Precise genome-editing can be achieved through a variety of distinct tools that introduce precise changes to the DNA sequence of cells or organisms. The capability to precisely manipulate the genome with precision has numerous direct applications in basic science research, disease modeling, and medicine. However, despite significant recent progress, low efficiency remains a major barrier to further adoption. BEs are less affected by this issue, demonstrating high in vivo editing efficiency, but unfortunately, BEs are limited to C•G-to-T•A and A•T-to-G•C transition edits. In addition to BEs, recent advances have significantly improved the efficiency of other precise genome-editing approaches, such as HDR and PEs, both in vitro and in vivo. While early results are promising, the efficiency of these gene editing approaches needs to be improved to enable broad development of effective gene therapies.
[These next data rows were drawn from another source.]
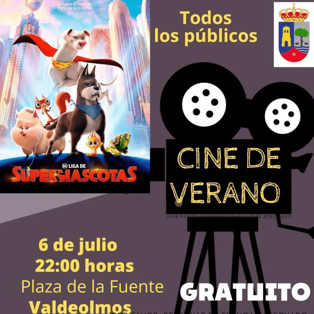 Plaza de la Fuente de Valdeolmos Plaza de la Fuente, ValdeolmosNo hay verano sin Cine de Verano SINOPSIS 'SUPERMASCOTAS': Krypto, el perro de Superman, forma un equipo de mascotas con superpoderes para rescatar a su dueño después de ser secuestrado y de que Liga de Justicia fuese capturada por el malvado Lex Luthor. Jueves 6 de de julio 22:00 horas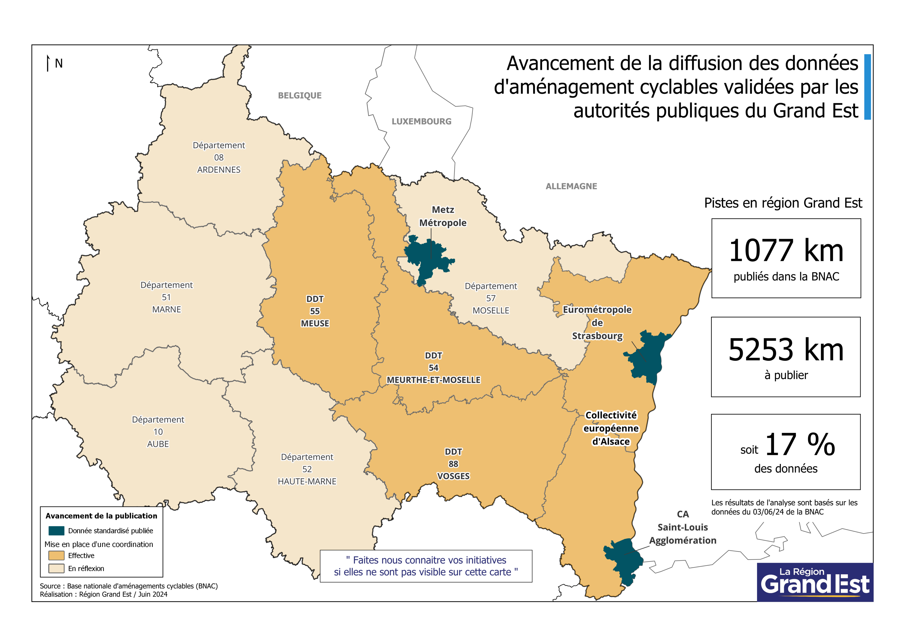 03 – Carte et chiffres clés d’aménagement cyclable dans la Région Grand Est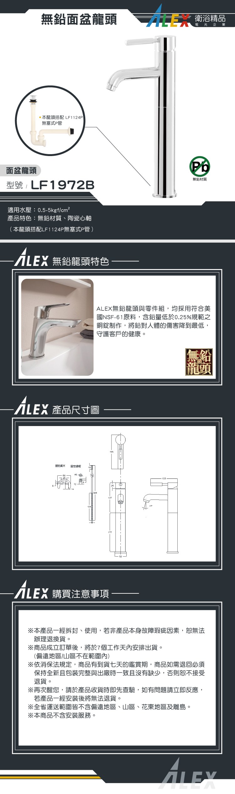 ALEX 電光 無鉛級 面盆龍頭 LF1972B

A second major challenge of precise genome-editing is off-target mutations, particularly in systems based on CRISPR/Cas9, such as HDR, HITI, BEs, and PEs. Newly developed Cas variants with lower rates of off-target editing have been reported, such as a new subtype of Cas12f, enAsCas12f, which showed lower off-target effects than Cas9.133 However, the efficiency of these new Cas variants in targeting DNA needs additional improvement. Furthermore, delivery of precise genome-editing reagents to target cells or tissues is a crucial step for successful genome-editing. The delivery efficiency depends on the cell or tissue type, the delivery method used, and the stability of the reagents in vivo. For example, delivery of RNPs can be more efficient than delivery of plasmids or viral vectors.169 Unfortunately, delivery of components to many tissues in vivo remains challenging, and will require considerable additional vector engineering efforts.

The ongoing refinement of existing editing tools will focus on improving efficiency and specificity, while expanding targeting capabilities and optimizing delivery systems will also drive the field forward. Ultimately, these improvements will enable more sophisticated applications, including the development of novel therapies.